TASK DESCRIPTION
Repeat each entry exactly and drop the pictures.

Records excerpted from a collection:

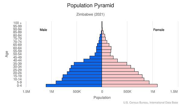 This is the population pyramid for Zimbabwe. A population pyramid illustrates the age and sex structure of a country’s population and may provide insights about political and social stability, as well as economic development. The population is distributed along the horizontal axis, with males shown on the left and females on the right. The male and female populations are broken down into 5-year age groups represented as horizontal bars along the vertical axis, with the youngest age groups at the bottom and the oldest at the top. The shape of the population pyramid gradually evolves over time based on fertility, mortality, and international migration trends.
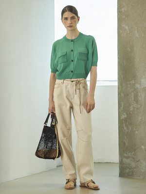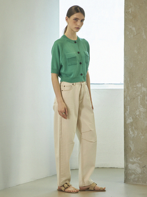 A round neck pullover knit cardigan with button closure along the center. Features a petite, cropped silhouette with mixed linen pocket details. The linen-mixed fabric allows for fresh wear. Contrasting rib at the sleeves and button details create a clean look. Available in one size. 65% Rayon, 35% Nylon. Made in Korea.
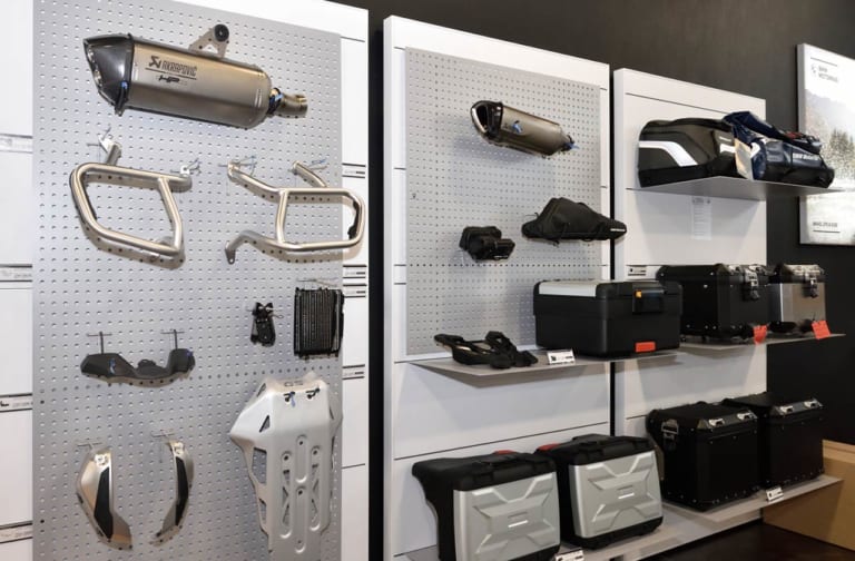 【純正オプション装着もお任せ】ヨーロッパのバイクメーカーは、多くの純正オプションパーツを用意しているが、BMWはその筆頭。ケースやガード類といったツーリングユースに欠かせないパーツだけでなく、マフラーなどのパフォーマンスパーツもメーカー純正品で揃えられる。
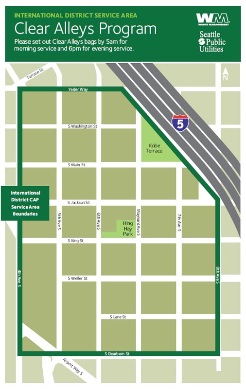 The Clear Alleys Program (CAP) is a City of Seattle initiative designed to keep business districts clean, safe, and accessible by streamlining or eliminating the storage of waste containers in public right-of-way on streets and alleys. Businesses and residential buildings in designated neighborhoods use prepaid garbage and recycling bags with frequent collection services, ensuring right-of-way areas and alleys remain clear for pedestrians, deliveries, and community use.
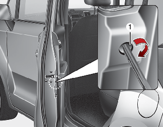 어린이 보호용 잠금 장치를 열림의 위치로 하기 전까지는 도어가 잠금해제된 상태라도 차 안의 도어 핸들로 뒷도어를 열 수 없습니다.
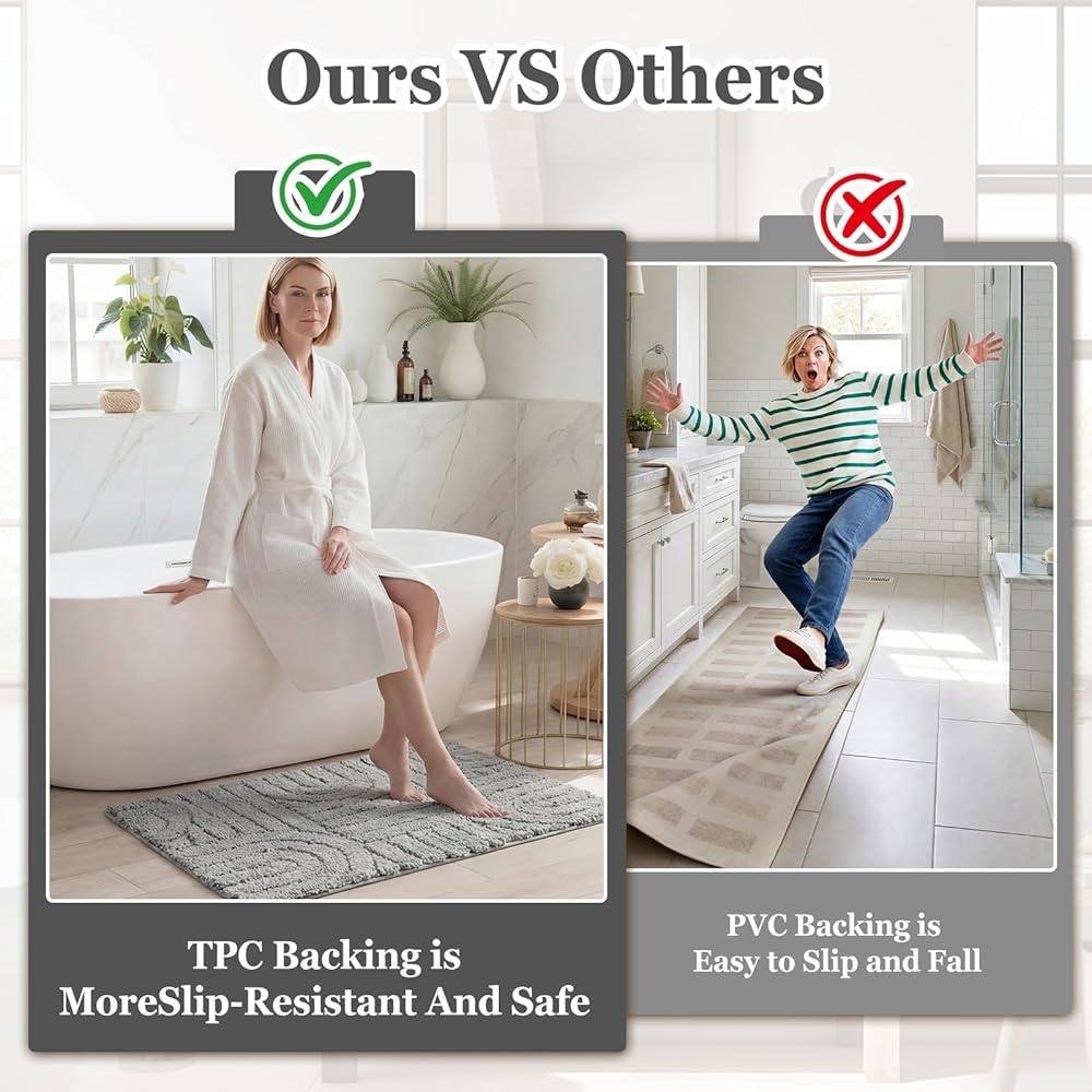 【Ultra-Soft Absorbent Bathroom Mat】Our plush bath rugs for the bathroom showcase a dense pile of absorbent fibers that effortlessly soak up water, the thick and soft pile soothes tired feet and makes you feel like you are on a cloud. They can quickly absorbs water from your feet as you step out of the tub or shower and keeps your floors dry.

RESULT
 This is the population pyramid for Zimbabwe. A population pyramid illustrates the age and sex structure of a country’s population and may provide insights about political and social stability, as well as economic development. The population is distributed along the horizontal axis, with males shown on the left and females on the right. The male and female populations are broken down into 5-year age groups represented as horizontal bars along the vertical axis, with the youngest age groups at the bottom and the oldest at the top. The shape of the population pyramid gradually evolves over time based on fertility, mortality, and international migration trends.
 A round neck pullover knit cardigan with button closure along the center. Features a petite, cropped silhouette with mixed linen pocket details. The linen-mixed fabric allows for fresh wear. Contrasting rib at the sleeves and button details create a clean look. Available in one size. 65% Rayon, 35% Nylon. Made in Korea.
 【純正オプション装着もお任せ】ヨーロッパのバイクメーカーは、多くの純正オプションパーツを用意しているが、BMWはその筆頭。ケースやガード類といったツーリングユースに欠かせないパーツだけでなく、マフラーなどのパフォーマンスパーツもメーカー純正品で揃えられる。
 The Clear Alleys Program (CAP) is a City of Seattle initiative designed to keep business districts clean, safe, and accessible by streamlining or eliminating the storage of waste containers in public right-of-way on streets and alleys. Businesses and residential buildings in designated neighborhoods use prepaid garbage and recycling bags with frequent collection services, ensuring right-of-way areas and alleys remain clear for pedestrians, deliveries, and community use.
 어린이 보호용 잠금 장치를 열림의 위치로 하기 전까지는 도어가 잠금해제된 상태라도 차 안의 도어 핸들로 뒷도어를 열 수 없습니다.
 【Ultra-Soft Absorbent Bathroom Mat】Our plush bath rugs for the bathroom showcase a dense pile of absorbent fibers that effortlessly soak up water, the thick and soft pile soothes tired feet and makes you feel like you are on a cloud. They can quickly absorbs water from your feet as you step out of the tub or shower and keeps your floors dry.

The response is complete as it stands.